Мага растерянно посмотрела на него. Грегоровиус вздохнул.
— Покрова Майи, — повторил он. — Однако не будем все сваливать в одну кучу. Вы, разумеется, замечали, что беда, скажем так, более осязаема, потому что в беде как бы рождается размежевание между объектом и субъектом. Поэтому она и запечатлевается в памяти, поэтому так легко рассказывать о бедствиях.
— Дело в том, — сказала Мага, помешивая разогревающееся в кастрюльке молоко, — что счастье — для одного, а беда, наоборот, вроде бы для всех.
— Справедливейший вывод, — сказал Грегоровиус. — Впрочем, заметьте, я не любитель задавать вопросы. Но в тот раз, в Клубе… Действительно, у Рональда такая водка, язык прямо-таки развязывает. Не сочтите меня за хромого беса, я просто хотел бы лучше понимать своих друзей. У вас с Орасио… Ну, конечно, есть что-то необъяснимое, какая-то великая тайна — тайна из тайн.
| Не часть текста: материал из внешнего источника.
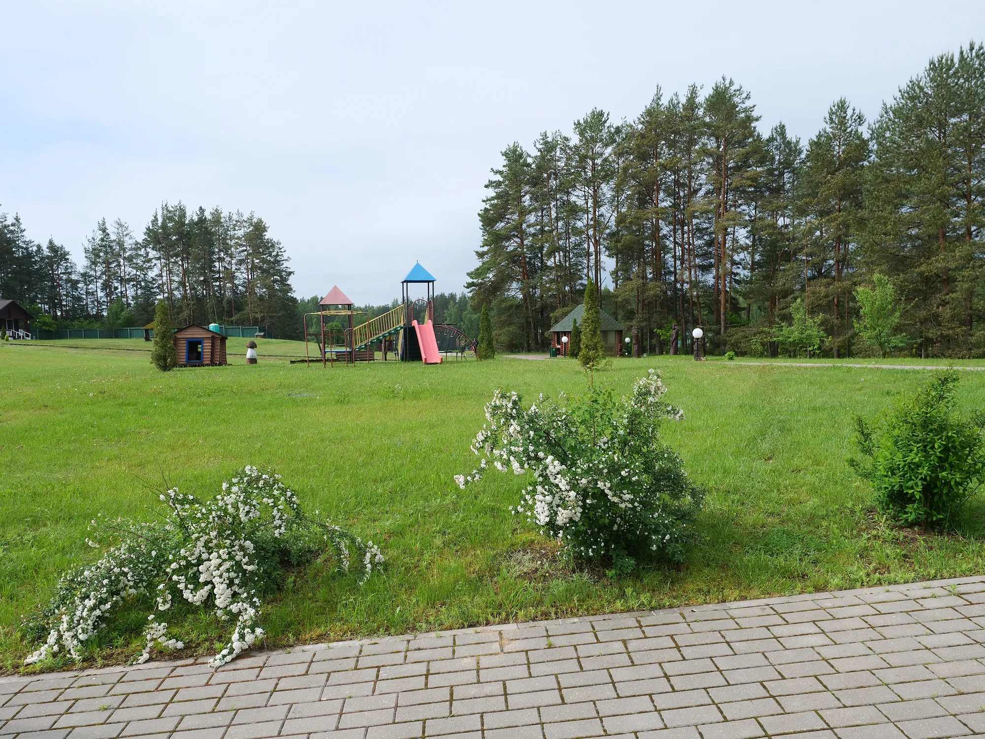 The grounds include two saunas, a dining room serving Belarusian home-style cuisine, a rental shop, two playgrounds, a trampoline, gazebos with barbecue areas, and parking.

Рональд и Бэпс говорят, что вы — совершенная пара, что вы дополняете друг друга. Лично мне не кажется, что вы так уж друг друга дополняете.
— А почему вас это волнует?
— Не волнует, но вы сказали, что Орасио ушел.
— Это ни при чем, — сказала Мага. — Я не умею говорить о счастье, но это не значит, что у меня его не было. Хотите, могу рассказать вам, почему ушел Орасио и почему бы я и сама могла уйти, если бы не Рокамадур. — Она с сомнением обвела взглядом разбросанные по комнате вещи, ворох бумаг и конвертов из-под пластинок. — Это все надо где-то держать, надо еще найти, куда уходить… Не хочу тут оставаться, слишком грустно,
— Этьен может договориться для вас о хорошей, светлой комнате. Как только отвезете Рокамадура обратно в деревню. Тысяч за семь в месяц. А я бы, если вы не против, перебрался сюда. Эта комната мне нравится, в ней что-то есть. Тут и думается хорошо, одним словом, прекрасно.
— Не скажите, — возразила Мага. — Часов в семь Девушка с нижнего этажа начинает петь «Les Amants du Havre» [103]. Песенка-то славная, но если все время одно и то же…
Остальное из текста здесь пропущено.